If you can listen to these pieces without that baggage, though, you can see what wonderful accompaniments they make to Tolkien’s epic.  You think about what’s in those books and, as they say, there’s an app for that.

Much of the books is about traveling, mostly to unfamiliar, desolate places.  Listen to the opening notes of the Introduction to the Dances, and see if you don’t agree this is perfect.  This is the theme that got made into the song Stranger in Paradise in the musical Kismet.  It combines wonder with just the right subdued quality to mirror the emotions of the Fellowship as they would cross downs and tramp through forests.   The same theme turns up in the fifth movement, the Moderato alla breve, and there there’s so much filigree and ornamentation jumping mischievously around, you could envision the younger hobbits doing foolish things while on the road.

And when you get to the second movement, the Allegro Vivo, it will conjure up troops of horsemen, the Rohirrim, let us say.

Movement three, the Allegro: at least intermittently a battle scene.  It would work with the big fight outside Minas Tirith, for instance.

Movement four, the Presto: a fight or a flight by night, such as might have happened at the Inn at Bree, or Weathertop.  This theme returns in the sixth movement, also a Presto.

The final movement, Allegro con spiritu, known to Kismet fans as Not Since Nineveh, conjures up a busy town like Minas Tirith.

Now, although there are certainly dark notes in Polovetsian Dances, they don’t begin to compare with the darkness in Sorceror’s Apprentice.  There’s definitely a wintry kind of joviality there too, obviously, but this is programmatic music, and the story it tells is set in a sorceror’s den.  Which is the ideal place to begin a setting of Tolkien; the Ring, after all, starts in exactly such a place.  There are other dark places in the story, lots of them, Mirkwood, and Weathertop by night, and the mines of Moria, and the Paths of the Dead, and Shelob’s Lair, and Mordor itself.  And Dukas’ brooding tones are perfect for this.

The apprentice is a Pippin type, getting in trouble through bumptious overconfidence.  The capriccioso themes that depict him work perfectly for that.

And then there is music depicting something magic gone completely out of control – which is really what Tolkien’s whole story is all about.  It gets more and more tumultuous and scary, until it stops.  Just like Tolkien.

Obviously the books are long and the pieces are short, less than 20 minutes total, which is why they fit nicely on a single side of an LP.  And obviously I was listening to lots of other things over the several readings I gave those books.  But there was never any question what record of mine gave the most scope to my musing how to make – and score – a movie based on them.

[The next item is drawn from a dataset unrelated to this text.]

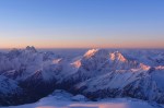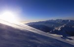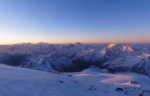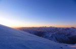 Tokrat smo bili pri skalah hitreje in tam smo tudi pustili smuči, saj je bilo že čedalje bolj ledeno in ni imelo smisla vztrajati. Brez smuči in z derezami na nogah smo bili precej lažji in z novim zagonom smo se podali proti prečki, ki naj bi nas izstavila direktno na sedlo med obema vrhovoma. Nad skalami smo tudi dočakali rojstvo čudovitega in popolnoma jasnega novega dneva. Prelepo, človek bi kar obsedel, ampak veter nam ni nič popuščal, tako da je bilo prav naporno narediti vsaj nekaj fotk brez rokavic, potem pa spet naprej.

[1]. In fact, I’ve recently seen a 2008 blog post that suggests these are still available somewhere.

[2]. I believe, although I cannot substantiate this with Web research, that the American editions came out somewhat later.  I think, for instance, I was given the last one, The Last Battle, shortly after its American publication.  And I certainly was older than seven, which is the age I turned in 1956, the date of its British publication.

[3].  Peter Jackson, who actually directed the epic film trilogy, and who must have been born just about exactly the time I was discovering Tolkien (Halloween 1961 was his birthdate), would have to await digital technology just like everyone else.